Pettitte's exit leaves Derek Jeter, Mariano Rivera and Jorge Posada as the only remaining members of the Core Four and a gaping hole in the starting rotation.
The pull of a more stable home life nagged at Pettitte for years. Today he made it clear this wasn't any kind of Brett Favre or Roger Clemens "retirement. "It's not a one day decision," he stated. He said he knew his playing days were over "weeks ago."
All the rumors of Pettitte working out in Texas, cancelling autograph shows to meet with Yankee management and possibly wanting to pad his stats for a better shot at Cooperstown were just that--greatly exaggerated hearsay.
The Yankees GM, Brian Cashman, started murmurings weeks ago that he thought there was little chance of the 240 career game winner returning for a final year. Pettitte even said "Don't count on me' right after the 2010 season, but the "will he or won't he" drama continued throughout the winter.
Cashman might have played a small part in Pettitte's decision. The GM went all out for Cliff Lee and left Pettitte dangling but, after Lee went to the Phillies, Pettitte became an important factor again. It was too late. Pettitte had already made up his mind and was taking his famous game-face stare with him. The soul searching was over.

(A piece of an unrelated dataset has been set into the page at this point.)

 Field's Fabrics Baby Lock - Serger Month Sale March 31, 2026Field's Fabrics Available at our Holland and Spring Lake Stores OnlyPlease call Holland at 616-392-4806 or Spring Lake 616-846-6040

Now the Yankees worst case scenario is reality and there are major holes to fill. The team goes into spring training relying on the arms of CC Sabathia, Phil Hughes and basket case A.J. Burnett. Call it Two and a Half Starters. Even a blitzed Charlie Sheen might fare better than the burnt-out Burnett.
Filling out the starting five rotation is a pile of bargain basement signees and a couple of young untested hurlers. Even Hughes value is questionable. In his first full season as a starter, Hughes was cradled by manager Joe Girardi, and was limited to a certain amount of innings. Who knows if he can hold up to the rigors of a full season?
Recycled players like Bartolo Colon and Freddy Garcia now loom large in the Yankees' plans along with Ivan Nova and Sergio Mitre. The scary part is that probably the success of the rotation lies in the inconsistent arm of No. 3 starter A.J. Burnett.
Burnett, who throws a cream pie better than a baseball, is being restored by pitching coach Larry Rothschild. If Rothschild can figure a way to get into A.J.'s head, tighten a few screws and get his fastball up to par, there is hope. Throw in either one of the kids having a breakout year or one of the former All-stars--Colon and Garcia--coming back from the dead, there is a playoff season.
Babying pitchers, counting pitches and holding back younger arms will not be apart of this year's Yankees philosophy. It will be put up or shut up.
Pettitte's retirement is only the beginning of the dismantling of the Core Four era. One by one, it could be a steady parade of the four potential Hall of Famers out of the Bronx.
Posada's contract is up after this year and he has been demoted to regular DH action. Rivera just signed for two more years, and it's conceivable that the still reliable closer might call it a career after that. Jeter will begin his march to the Hall of Fame in three years. In four years, the Core Four will be no more.
Pettitte's legacy, besides the huge numbers (240 career wins, 19 postseason wins, 3.88 ERA, 5 rings) is his clutch play and work ethic. No pitcher was more reliable and there never seemed to be a situation Pettitte couldn't handle. He has more post-season wins than any other pitcher. Think back to Game 5 of the 1996 World Series when he beat the Braves 1-0. It was a typical Pettitte outing-- businesslike and efficient. It started the current Yankee mystique. Big-game pitcher doesn't begin to describe him.
The only blotches on Pettitte's Yankee resume are his three years with the Houston Astros and being mentioned in the Mitchell Report, where he admitted he used human growth hormone.
Pettitte made his decision to retire and the Yankees, wisely, didn't try to convince him to stay. The man leaves a big chapter in Yankee lore. Arguably the second best pitcher in the Yankees' modern era behind Whitey Ford.
The Yankees were desperate for Pettitte's services this season. He could have asked for George Steinbrenner's Monument Park plaque and gotten it. He could have added ring number six. Andy Pettitte knew what his heart wanted and he appeased it.